I wait for Dad to say something.
‘Shall we sit over there?’ He points at a tree whose branches are so big and low they look like giant’s hands.
‘All this time living here, and we never came.’ Dad lays down beneath the branches. ‘Why didn’t we come here before?’
I concentrate on sitting on the grass without showing Dad too much thigh.
After a while he sits up. ‘I’m not making a very good job of this, am I?’
I pick a handful of grass and throw it over his knee.
‘Do you like it here, Joanna?’
I consider the willow trees with their long fingers, the girls with their long skirts, the blank, black windows. I don’t know the answer.
‘You could come here,’ says Dad, leaning close to me, ‘if you work hard.’
I throw some more grass over his legs.
‘Mind the suit,’ he says, brushing it off. He scratches at his brillo-pad hair. ‘I mean it.’ His eyes are big and red. ‘I know you’ve got the brains, even if you don’t always use them.
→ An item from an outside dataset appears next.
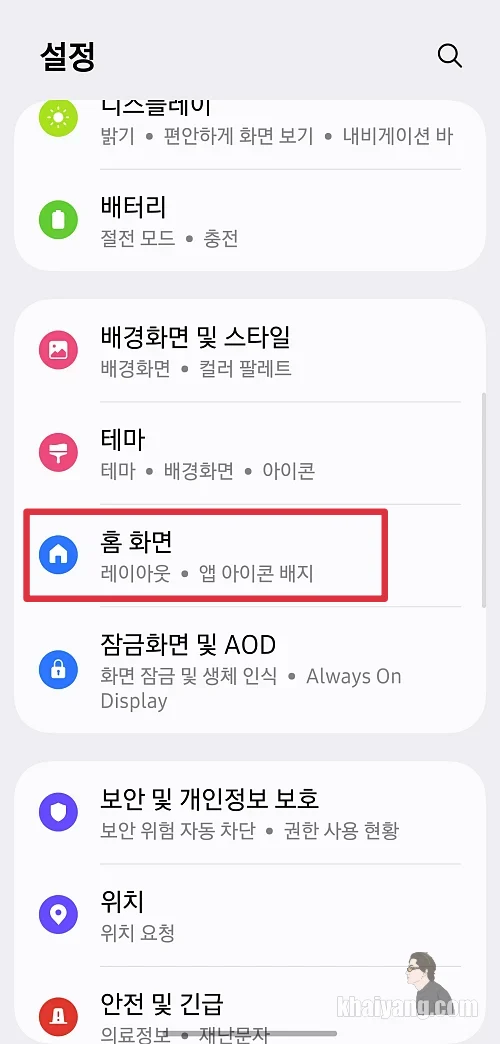홈화면을 선택 합니다.

You can come here. It’s possible.’
I pick up a shard of old bark, dig it under my nail to clean out the dirt.
‘No one told me things are possible. I mean, not everything you think is impossible is impossible.’
‘What are you on about?’
He sighs. ‘I don’t know.’
‘Shall we go then?’ I stand up.
A bell begins to clang.
‘Wait. Sit down.’
He grabs my hand and pulls me into his lap. ‘My girl,’ he whispers, crushing me against him and hiding his face in my hair.
‘Dad – ’ My legs are twisted under me. My skirt’s ridden up too far.
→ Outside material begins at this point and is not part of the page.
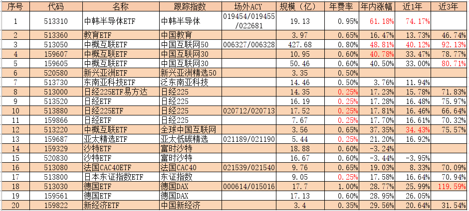 从近1年涨幅看,前三只分别为中韩半导体ETF(513310,74.17%)、中概互联ETF(513050,40.12%)、中概互联ETF(513220,34.43%);
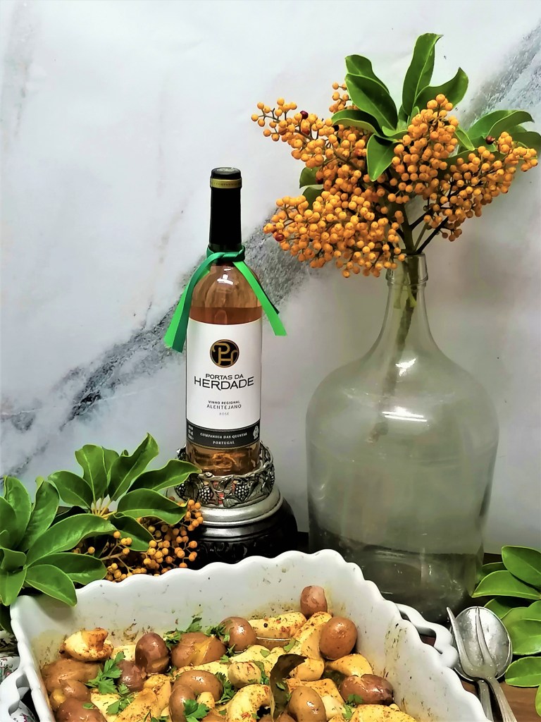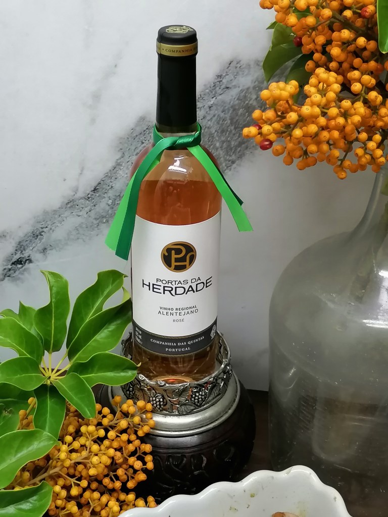 Acompanhámos com Portas da Herdade rosé, um vinho alentejano, produzido pela Companhia das Quintas, com uma cor rosa pálida muito atraente, com aroma intenso a cerejas e frutos vermelhos. Na boca é fresco, equilibrado com um final longo e agradável.

Then he begins to rock slightly, and his breath goes funny, shaky. Hot air from his mouth makes my cheek wet. Above us, the branches make a slight creaking sound, like ships in films.
‘Dad – ’
‘Sorry, love.’
But he’s still clinging on. I wonder what I can do to make his job easier. I know he’s leaving. I’ve heard them arguing for weeks. I’ve heard Dad say that he’d rather chew off his own hand than stay in her trap. Like an animal.
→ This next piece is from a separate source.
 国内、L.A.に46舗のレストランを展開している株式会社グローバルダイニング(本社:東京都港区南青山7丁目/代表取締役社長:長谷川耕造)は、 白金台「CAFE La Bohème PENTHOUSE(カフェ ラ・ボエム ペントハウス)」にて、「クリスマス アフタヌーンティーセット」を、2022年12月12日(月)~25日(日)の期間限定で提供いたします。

Shoulders heaving, his fingers dig into my spine.
We cling to each other under the tree. ‘It’s OK,’ is all I can think to say.
Eventually, his hands release me. When he looks me in the eye his face is crumpled and red, like a bruise. ‘You’ll come and see me?’
I nod.
‘And you’ll look after Shane?’
&
nbsp; After a pause, I nod again.
Then he says, ‘Your mother’s not all bad.’
Then he says, ‘I meant what I said, about working hard.’
Then he says, ‘I’ll drop you off at home, but then I’ll go.’
‘Where?’
‘Not far. I’ll phone.’
‘Can I come with you?’ As soon as I say it, I wish I hadn’t.
He reaches out and strokes my hair. ‘Not now, love. Maybe later.’
As we walk back up the High Street, past the colleges with their bright green squares of light and back to the multi-storey, I let him hold my hand.
six
August, 1985
In the shed, I sit on the floor at Shane’s feet and lean back against his shins.
We’re both silent.
Shane always closes the door and he never opens the window, but I’m used to the smell of the warm creosoted wood now. It smells like stewed tea. Cake crumbs are scattered over the floor, already drying in the heat. Spots of chocolate buttercream are smeared into the boards. I swallow the last of our chocolate layer cake and lick each finger clean.
Shane dangles a pair of pink plastic hoops in front of my eyes. I try to turn to look at him, but he catches my face in his hands, tilts my head backwards and clamps his knees hard around my scalp. Taking each earlobe between his finger and thumb, he makes a dip and a pull with the earrings, hooking me up like a fish. Then he runs a finger along my bottom lip, hard. ‘Messy,’ he says, showing me the chocolate on his finger.
‘Mind my lipstick.’
He laughs. Shane’s laugh is low and quiet, like it’s half-hidden, a long huh-huh. ‘Are you my girlfriend?’ he asks.
I twist free of his knees and turn round. His T-shirt’s too small. What looks like a waistband of flesh bulges beneath it, and I can see his belly button sticking out. I haven’t seen that before. It looks like Shane has a hole that someone’s stuck a screw into. A flesh-coloured screw.
‘What?’
‘Are you my girlfriend?’ He keeps his eyes focused on the space above me. ‘I gave you the earrings,’ he says.